Fig. 8.. Cytotoxicity levels after 24-hour exposure of THP-1, BEAS-2B, and primary bronchial epithelial cells to ethanol and DADS.

(A) The cytotoxicity of 70-mM ethanol and 10-μM DADS in THP-1 cells after 24-hour exposure was expressed as % cytotoxicity. When compared with control levels, treatment with ethanol and DADS alone did not show any significant difference in % cytotoxicity. (B) Treatment with ethanol did not show any significant difference in % cytotoxicity in BEAS-2B, when compared to controls. However, treatment with DADS alone and combination treatment of ethanol and DADS slightly increased (non-significantly) levels of % cytotoxicity when compared with the control. (C) Combination treatment with ethanol and DADS in primary bronchial epithelial cells did not show any significant difference in cytotoxicity. However, treatment with either ethanol or DADS alone slightly increased levels of cytotoxicity but not to a statistically significant degree.

Fig. 9.. Cathelicidin/LL-37 levels in cellular lysate of DADS-treated ethanol-exposed THP-1, primary alveolar epithelial, and primary bronchial epithelial cells.
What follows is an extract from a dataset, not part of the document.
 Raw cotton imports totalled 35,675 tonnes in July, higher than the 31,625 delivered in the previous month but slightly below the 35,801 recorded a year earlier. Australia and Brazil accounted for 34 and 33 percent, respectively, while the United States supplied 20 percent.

(A) 10-hour exposure to 70-mM ethanol reduced cathelicidin/LL-37 levels in THP-1 cells compared with controls (~50% reduction). Additional treatment of ethanol-exposed cells with 10-μM DADS restored cathelicidin/LL-37 levels to those of controls. This increase was statistically significant (over ~80% when compared with the untreated ethanol-exposed group). (B), (C) Comparable response observed in primary alveolar epithelial and primary bronchial epithelial cells. Exposure to ethanol decreased cathelicidin/LL-37 levels in primary alveolar epithelial and primary bronchial epithelial cells (75% and 40% reduction, respectively). Additional treatment of ethanol-exposed cells with DADS restored cathelicidin/LL-37 levels, which was statistically significant when compared to untreated ethanol-exposed group (60% and 45% increase, respectively). * indicates statistically significant difference from the untreated control, p value < 0.05. # indicates statistically significant difference from the untreated ethanol-exposed group, p value < 0.05.
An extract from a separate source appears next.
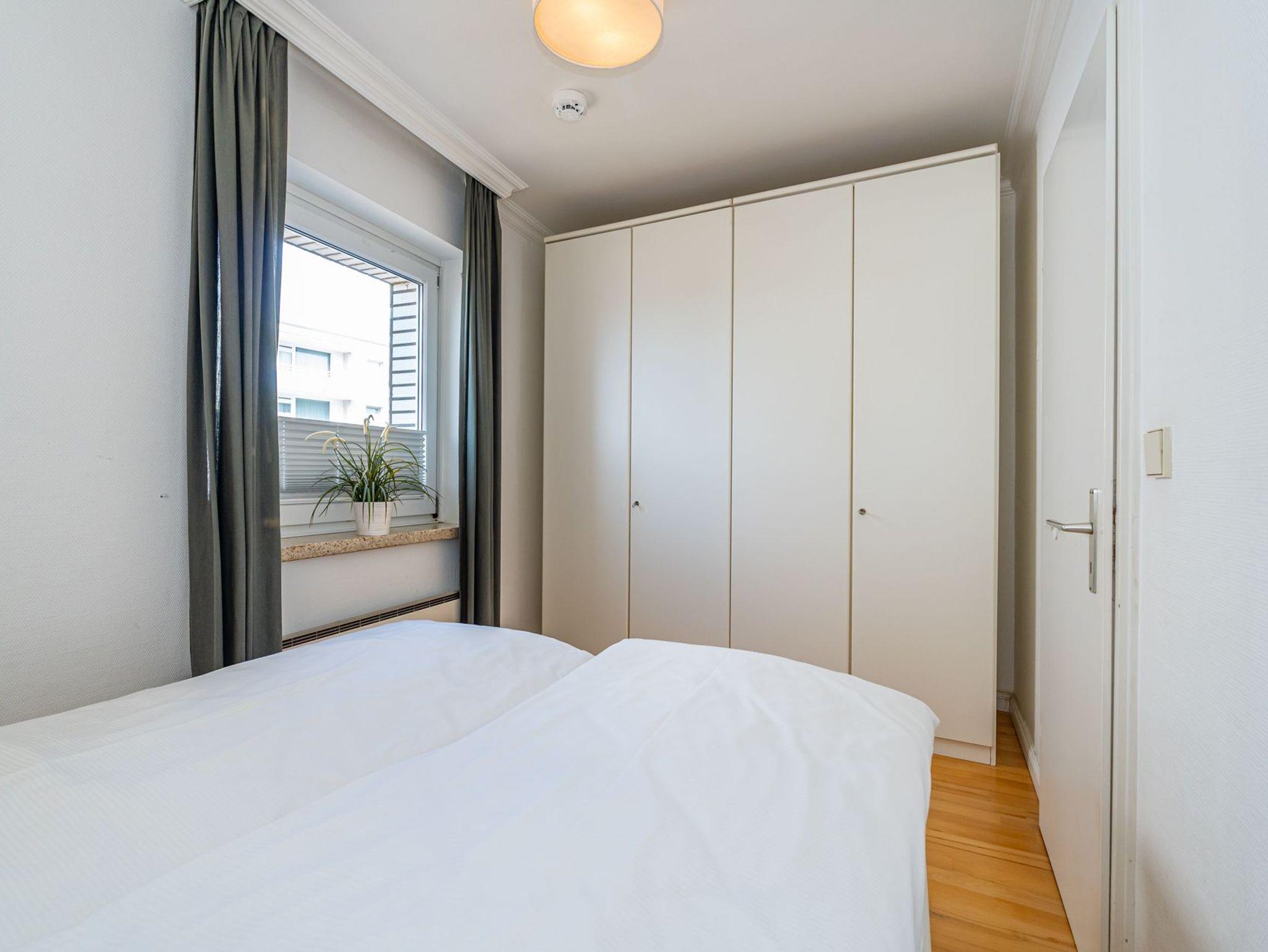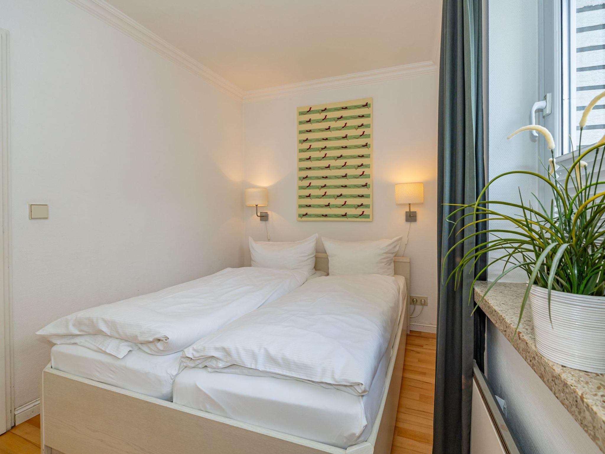 Gut ausgestattete 2-Zimmer-Nichtraucher-Ferienwohnung, ca. 41 qm in der 2. Etage mit Meerblick und Westbalkon (Nachmittagssonne mit Balkonmöbeln und Auflagen) für 2 Personen.

Fig. 10.. Cathelicidin/LL-37 levels in cellular lysate of DADS-treated ethanol-exposed THP-1, primary alveolar epithelial, and primary bronchial epithelial cells.

(A) 24-hour exposure to 70-mM ethanol reduced cathelicidin/LL-37 levels in THP-1 cells when compared with controls (~65% reduction). Additional treatment of ethanol-exposed cells with 10-μM DADS restored cathelicidin/LL-37 levels to above control levels, a statistically significance increase of over 100% when compared with untreated ethanol-exposed cells. (B), (C) Similar response pattern observed in primary alveolar epithelial and primary bronchial epithelial cells. Cathelicidin/LL-37 levels were significantly reduced when cells were treated with ethanol (80% and 60% in primary alveolar and bronchial epithelial cells, respectively). Additional treatment of ethanol-exposed cells with DADS increased cathelicidin/LL-37 levels to above control levels, an increase of over 100% when compared to untreated ethanol-exposed cells. * indicates statistically significant difference from the untreated control, p value < 0.05. # indicates statistically significant difference from the untreated ethanol-exposed group, p value < 0.05.
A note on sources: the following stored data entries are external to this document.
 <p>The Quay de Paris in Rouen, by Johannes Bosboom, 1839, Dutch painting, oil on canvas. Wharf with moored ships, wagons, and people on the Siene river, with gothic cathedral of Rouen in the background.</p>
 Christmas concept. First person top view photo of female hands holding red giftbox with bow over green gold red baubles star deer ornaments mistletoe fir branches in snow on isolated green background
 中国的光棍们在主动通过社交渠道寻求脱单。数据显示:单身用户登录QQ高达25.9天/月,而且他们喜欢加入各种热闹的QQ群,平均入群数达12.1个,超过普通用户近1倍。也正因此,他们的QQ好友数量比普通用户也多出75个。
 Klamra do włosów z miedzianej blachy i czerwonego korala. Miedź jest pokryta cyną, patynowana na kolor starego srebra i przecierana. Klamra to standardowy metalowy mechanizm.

Fig. 11.. Alcohol-metabolizing enzyme CYP2E1 and vitamin D-activating enzyme CYP27B1 in cellular lysate of DADS-treated ethanol-exposed BEAS-2B cells.

(A) Exposure to 70-mM ethanol for 24 hours increased CYP2E1 levels when compared with untreated controls. Additional treatment of ethanol-exposed cells with 10-μM DADS attenuated the effect, reducing CYP2E1 to levels comparable to those of untreated controls. (B) Opposite response observed in CYP27B1 levels. Exposure to ethanol significantly reduced CYP27B1 levels when compared with untreated controls. Additional treatment of ethanol-exposed cells with DADS restored CYP27B1 to levels comparable with those of untreated controls. * indicates statistically significant difference from the untreated control, p value < 0.05. # indicates statistically significant difference from the untreated ethanol-exposed group, p value < 0.05.